Second, it identifies small CNVs (<50 kb) that go beyond the resolution of testing through 0.25-fold GS. Five cryptic exonic deletions involving single genes were identified in this study. Although two small clinically significant deletions did not fully explain the patients’ neurological issue (case 15 and case 23), the accuracy of detecting such small CNVs have been confirmed by qPCR. In addition, exonic CNVs related to autosomal recessive disorders are often small in size and underappreciated due to the limitations in the routine CNV detection method such as CMA (Yuan et al., 2020). Therefore, mate-pair GS might increase diagnostic yield in cases contributed by small CNVs although this might not be a common cause in NDD patients in this study.

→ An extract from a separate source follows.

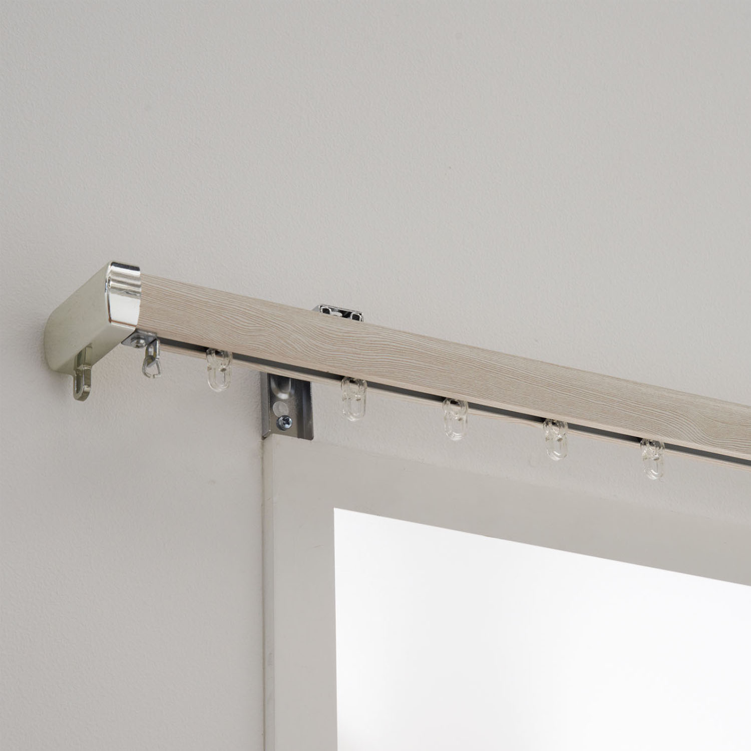 長さが調節できるサイドカバー付き木目調カーテンレール
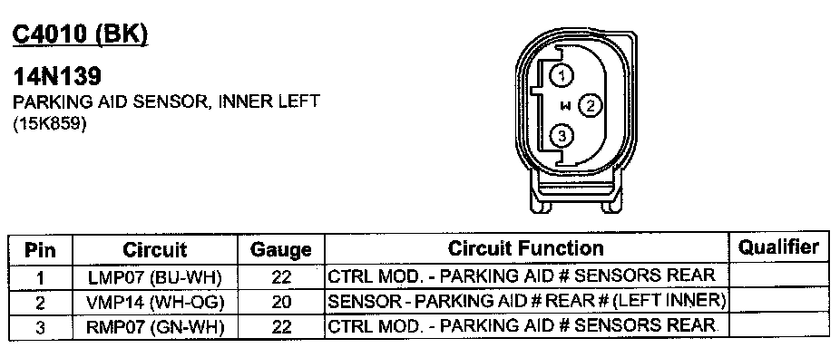 Parking Aid Sensor, Inner Left

Third, it detects additional SVs and reveals complex rearrangements. In this cohort, five rare inversions were detected in five cases (5%), all of which were small paracentric inversions. But none of these inversions disrupted genes or their interactions with known regulatory elements. They were classified as VUS considering their rarity in the population. In addition, five insertions (5%) were detected, four out of which were involved in complex rearrangements. These five insertions were not related to those previously reported CNVs in each case. Interestingly, three of these four complex insertions were delineated as insertion (duplicated segments) with flanking duplications identified in the insertion site (Table 2). Although no gene disruption was observed, we still classify them as VUS. Genome-wide structure rearrangement discovery is challenging while increasingly attracting our attention with the improvement of sequencing detection methods. However, limited information about polymorphic SVs in the human genome hampers its clinical significance interpretation. Genes interrupted by the breakpoint seen in the patients would be current focus to correlate the diseases for interpretation.
One of the previously reported inconclusive CNVs was found to involve complex rearrangements based on the mate-pair GS result. Patient 19 was a five-year-old male child who showed autism, global developmental delay, and mild dysmorphic feathers. A de novo 358 kb duplication in chromosome 17 (seq[GRCh37] dup(17)(p13.1)dn chr17:g.6989477_7347779dup) was reported in a previous CNV analysis. Mate-pair GS detected another two genomic segments from distal location of chromosome 17 (a segment of 124 kb from 17p11.2 and a segment of 90 Kb from 17q21.2) inserted in the middle of these two copies of 358 kb segment of 17p13.1 (Figure 2). The composition of this complex rearrangement is shown in Figure 2C. The 124 kb insertion from 17p11.2 was in a reverse orientation. The three breakpoints were all validated by Sanger sequencing (Supplementary Figure S1). This 358 kb duplication is overlapped with a dosage-sensitive region on the 17p13.1 commonly leading to intellectual disability and microcephaly (Carvalho et al., 2014). Multiple patients with overlapping deletions or triplication changes shared microcephaly and intellectual disability, and defined the smallest region of overlapping (SRO) on the 17p13.1 as around 156 kb in size (GRCh37/hg19, chr17:g.7055654_7212104) (Carvalho et al., 2014). In addition, defects in the DLG4 gene of this region are known to cause intellectual developmental disorder 62 (MIM 618793) due to haploinsufficiency (Lelieveld et al., 2016; Moutton et al., 2018). Mooneyham et al. reported two patients with neurodevelopmental delays and absolute/relative macrocephaly with a shared region of 62.5 kb on the 17p13.1, suggesting that DULLARD, DLG4, and GABARAP genes would be the candidate genes for neurodevelopmental delays identified in this patient (GRCh37/hg19, chr17:g.7094072_7156584) (Mooneyham et al., 2014). Currently, this 358 kb duplication is known to involve a TAD boundary (Figure 2B). The two insertions might result in an overexpression of those genes locating in the 358 kb duplication by bringing in additional regulatory elements to possibly promote certain ectopic enhancer-promoter interactions in the neo-TAD or expression of genes in the inserted regions (Figure 2D).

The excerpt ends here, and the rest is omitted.